**Prompt**
Transcribe nothing except the lines below that run from the one with "Enhance your nursery" to the one with "Khánh kết hôn. |", ends included, and do not copy any picture.

**Supplied records**
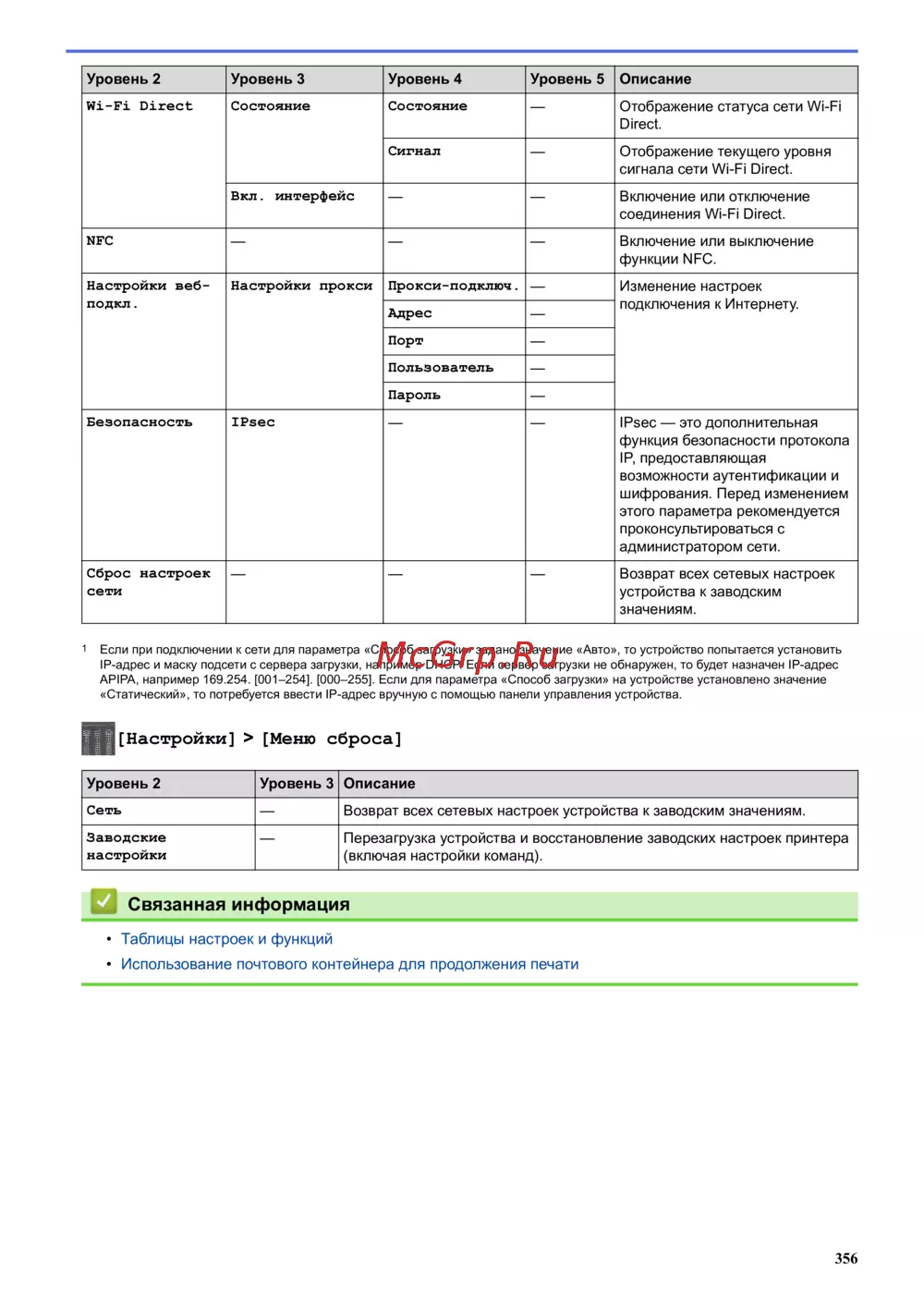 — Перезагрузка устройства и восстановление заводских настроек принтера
...
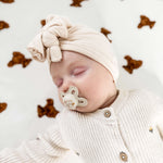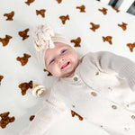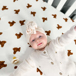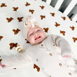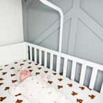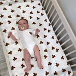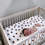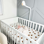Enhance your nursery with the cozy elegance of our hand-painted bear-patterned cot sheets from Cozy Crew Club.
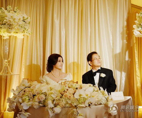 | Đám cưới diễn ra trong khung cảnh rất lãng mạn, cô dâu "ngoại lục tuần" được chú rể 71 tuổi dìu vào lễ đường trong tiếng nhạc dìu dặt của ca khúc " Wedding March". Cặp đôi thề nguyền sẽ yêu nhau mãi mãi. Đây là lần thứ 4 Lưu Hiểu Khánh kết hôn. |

**Exercise result**
Enhance your nursery with the cozy elegance of our hand-painted bear-patterned cot sheets from Cozy Crew Club.
 | Đám cưới diễn ra trong khung cảnh rất lãng mạn, cô dâu "ngoại lục tuần" được chú rể 71 tuổi dìu vào lễ đường trong tiếng nhạc dìu dặt của ca khúc " Wedding March". Cặp đôi thề nguyền sẽ yêu nhau mãi mãi. Đây là lần thứ 4 Lưu Hiểu Khánh kết hôn. |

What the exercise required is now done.